- **PROBLEM DESCRIPTION**
In the material below, begin at the line that has "Il bassorilievo su", stop after the line that has "学院党委书记曹燕利、津南区人", and transcribe those lines exactly, without pictures.

- **PROVIDED RECORDS**
■ ■ ■ ■ ■ ■ ■
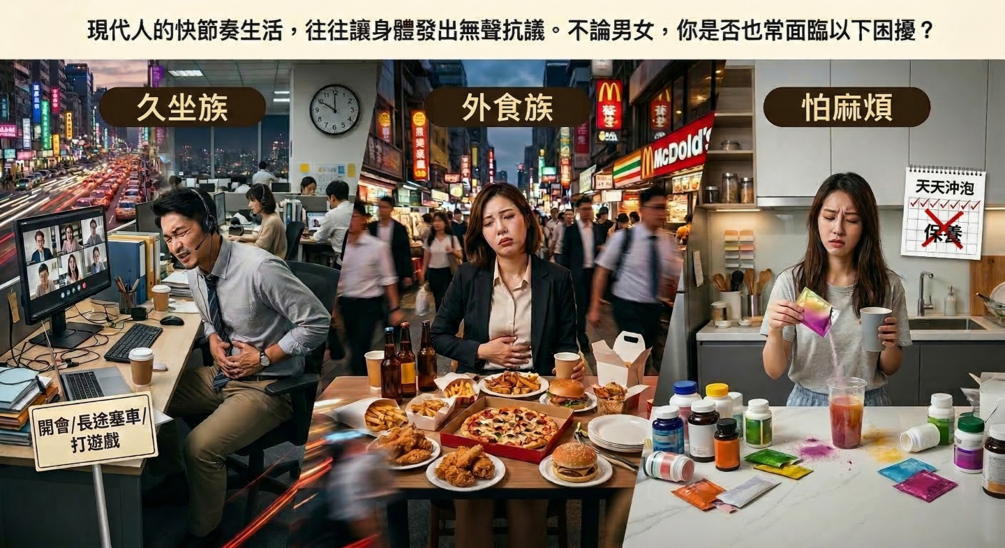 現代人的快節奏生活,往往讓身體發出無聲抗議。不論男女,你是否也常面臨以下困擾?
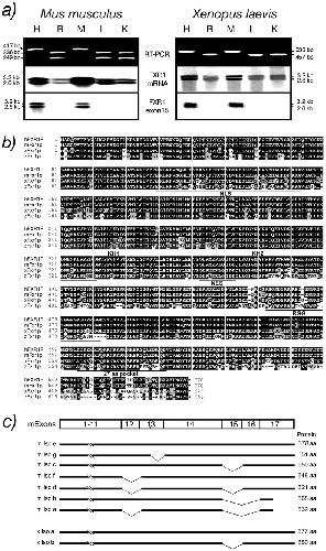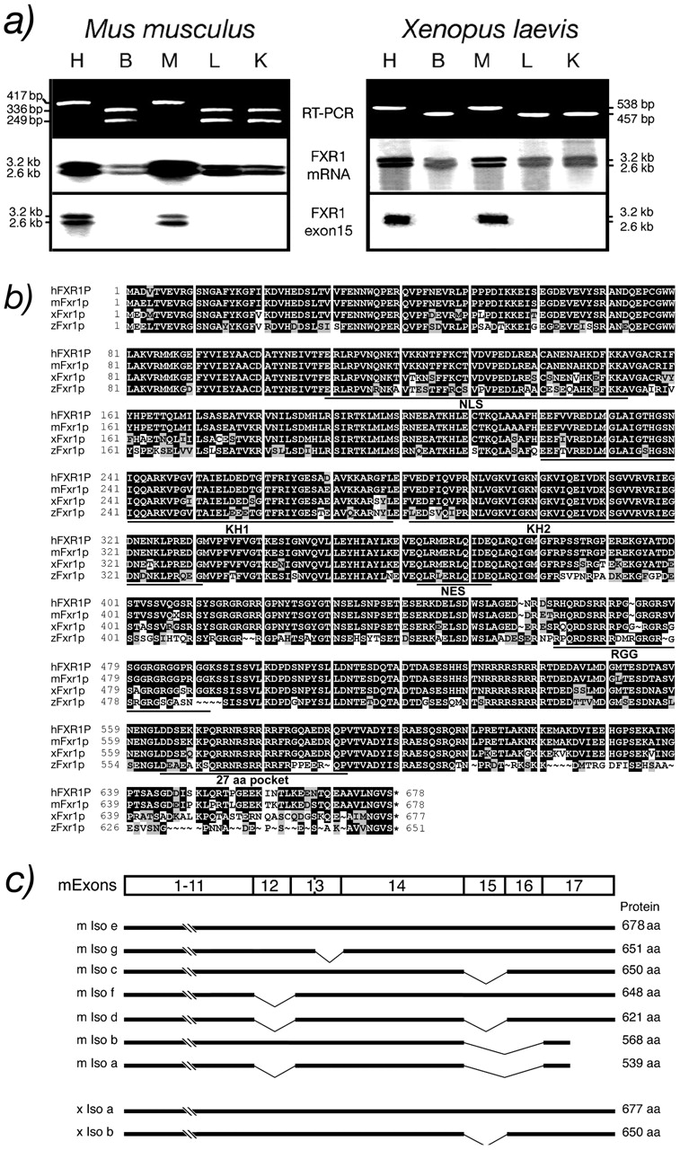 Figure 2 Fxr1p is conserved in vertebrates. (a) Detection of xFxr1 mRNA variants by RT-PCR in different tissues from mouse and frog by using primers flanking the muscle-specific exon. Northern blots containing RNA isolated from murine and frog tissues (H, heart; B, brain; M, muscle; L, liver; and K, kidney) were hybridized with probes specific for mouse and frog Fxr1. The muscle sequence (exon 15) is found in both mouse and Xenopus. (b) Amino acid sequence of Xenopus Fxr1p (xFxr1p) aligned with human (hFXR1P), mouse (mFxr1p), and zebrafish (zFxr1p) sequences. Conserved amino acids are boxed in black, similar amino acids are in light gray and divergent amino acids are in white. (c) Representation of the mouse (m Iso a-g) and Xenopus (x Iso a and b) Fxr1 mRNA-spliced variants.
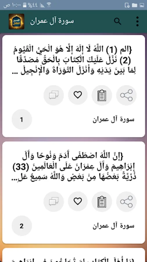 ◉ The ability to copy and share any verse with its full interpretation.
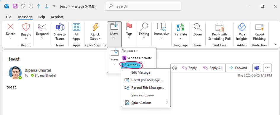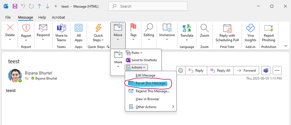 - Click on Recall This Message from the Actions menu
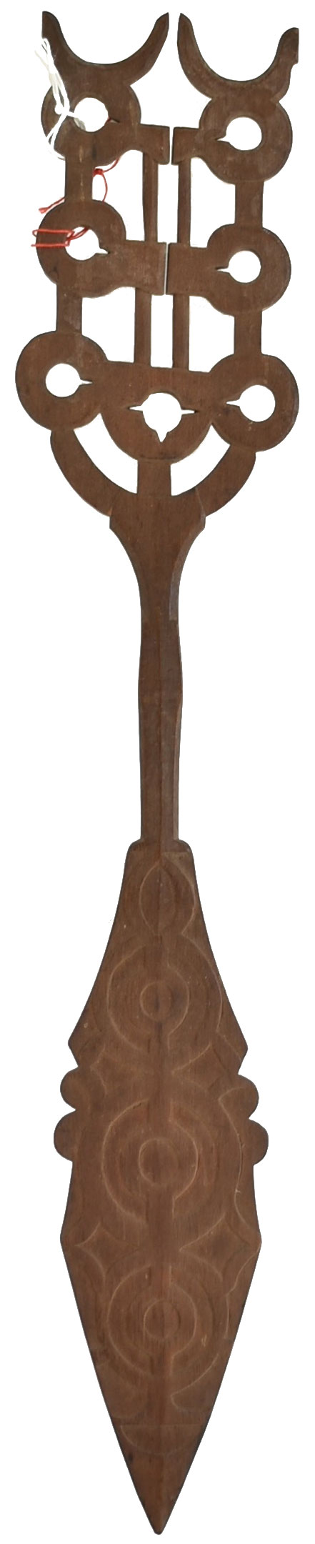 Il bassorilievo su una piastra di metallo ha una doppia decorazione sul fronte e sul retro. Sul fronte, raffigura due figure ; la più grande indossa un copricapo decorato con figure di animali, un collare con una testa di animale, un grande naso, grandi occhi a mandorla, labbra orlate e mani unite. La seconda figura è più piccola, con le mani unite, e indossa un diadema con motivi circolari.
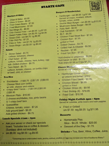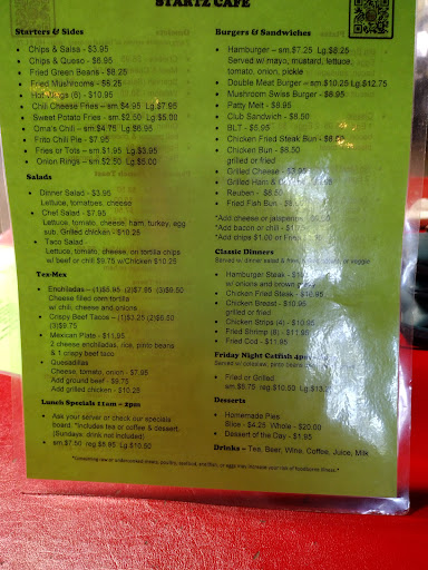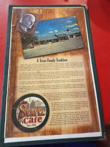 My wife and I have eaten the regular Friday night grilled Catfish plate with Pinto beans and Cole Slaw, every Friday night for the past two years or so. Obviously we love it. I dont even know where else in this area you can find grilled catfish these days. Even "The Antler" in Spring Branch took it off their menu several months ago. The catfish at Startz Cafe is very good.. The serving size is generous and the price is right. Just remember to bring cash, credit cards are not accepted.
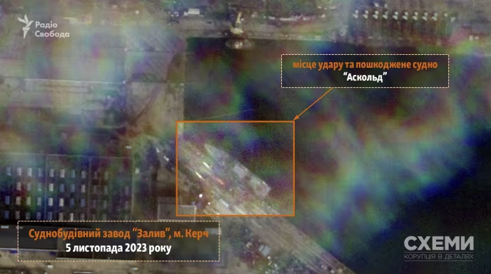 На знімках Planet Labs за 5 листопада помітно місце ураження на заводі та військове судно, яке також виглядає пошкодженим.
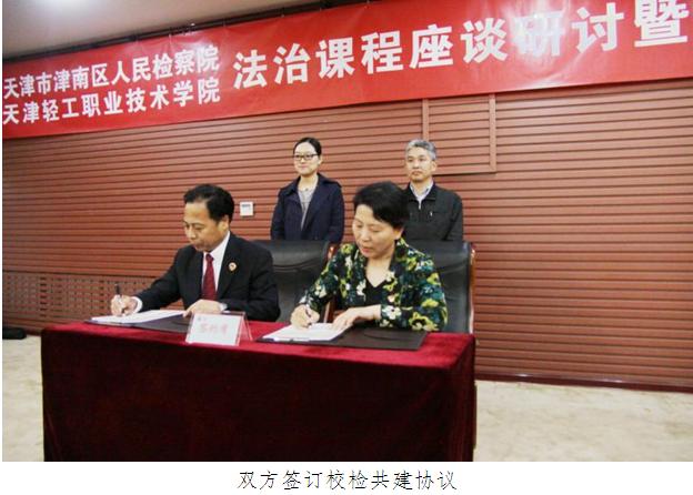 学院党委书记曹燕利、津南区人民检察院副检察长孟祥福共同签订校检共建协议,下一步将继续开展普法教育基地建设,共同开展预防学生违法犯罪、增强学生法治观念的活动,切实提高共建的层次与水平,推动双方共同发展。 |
■ ■ ■ ■ ■ ■ ■
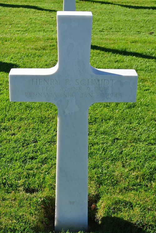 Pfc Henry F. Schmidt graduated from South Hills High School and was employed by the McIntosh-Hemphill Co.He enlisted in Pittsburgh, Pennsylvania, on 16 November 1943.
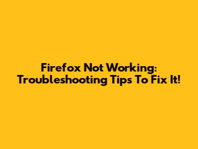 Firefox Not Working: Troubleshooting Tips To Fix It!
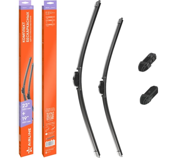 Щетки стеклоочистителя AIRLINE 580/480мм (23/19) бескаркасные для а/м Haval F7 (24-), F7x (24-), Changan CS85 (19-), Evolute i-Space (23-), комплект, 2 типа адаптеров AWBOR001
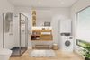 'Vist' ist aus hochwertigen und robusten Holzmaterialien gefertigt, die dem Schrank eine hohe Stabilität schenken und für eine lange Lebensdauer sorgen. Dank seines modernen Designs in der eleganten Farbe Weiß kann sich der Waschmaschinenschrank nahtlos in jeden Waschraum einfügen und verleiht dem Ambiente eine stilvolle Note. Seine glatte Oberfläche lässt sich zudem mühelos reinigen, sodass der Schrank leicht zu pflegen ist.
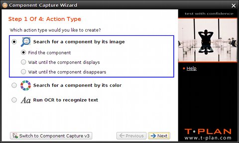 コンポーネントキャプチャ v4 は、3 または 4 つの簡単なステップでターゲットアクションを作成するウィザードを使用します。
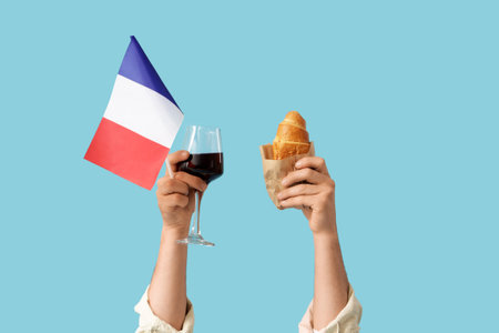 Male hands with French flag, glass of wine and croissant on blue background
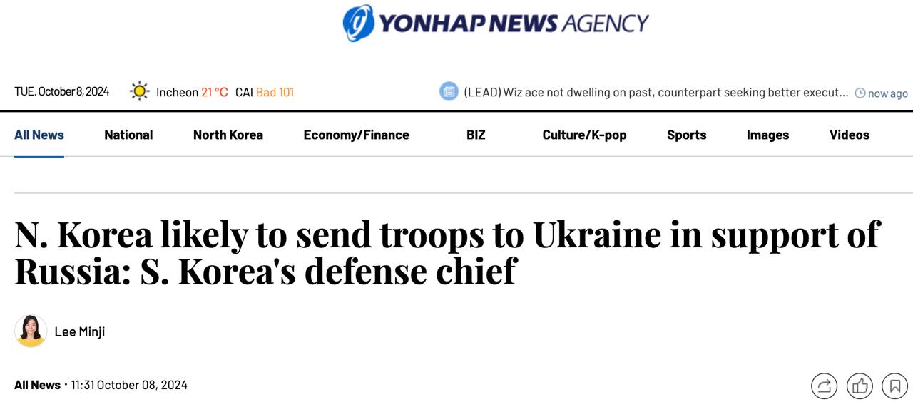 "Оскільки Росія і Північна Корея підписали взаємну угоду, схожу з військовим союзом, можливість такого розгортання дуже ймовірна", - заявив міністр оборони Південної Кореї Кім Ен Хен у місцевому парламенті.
■ ■ ■ ■ ■ ■ ■
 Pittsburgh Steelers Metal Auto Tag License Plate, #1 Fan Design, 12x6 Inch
■ ■ ■ ■ ■ ■ ■
- **WRITTEN RESPONSE**
 Il bassorilievo su una piastra di metallo ha una doppia decorazione sul fronte e sul retro. Sul fronte, raffigura due figure ; la più grande indossa un copricapo decorato con figure di animali, un collare con una testa di animale, un grande naso, grandi occhi a mandorla, labbra orlate e mani unite. La seconda figura è più piccola, con le mani unite, e indossa un diadema con motivi circolari.
 My wife and I have eaten the regular Friday night grilled Catfish plate with Pinto beans and Cole Slaw, every Friday night for the past two years or so. Obviously we love it. I dont even know where else in this area you can find grilled catfish these days. Even "The Antler" in Spring Branch took it off their menu several months ago. The catfish at Startz Cafe is very good.. The serving size is generous and the price is right. Just remember to bring cash, credit cards are not accepted.
 На знімках Planet Labs за 5 листопада помітно місце ураження на заводі та військове судно, яке також виглядає пошкодженим.
 学院党委书记曹燕利、津南区人民检察院副检察长孟祥福共同签订校检共建协议,下一步将继续开展普法教育基地建设,共同开展预防学生违法犯罪、增强学生法治观念的活动,切实提高共建的层次与水平,推动双方共同发展。 |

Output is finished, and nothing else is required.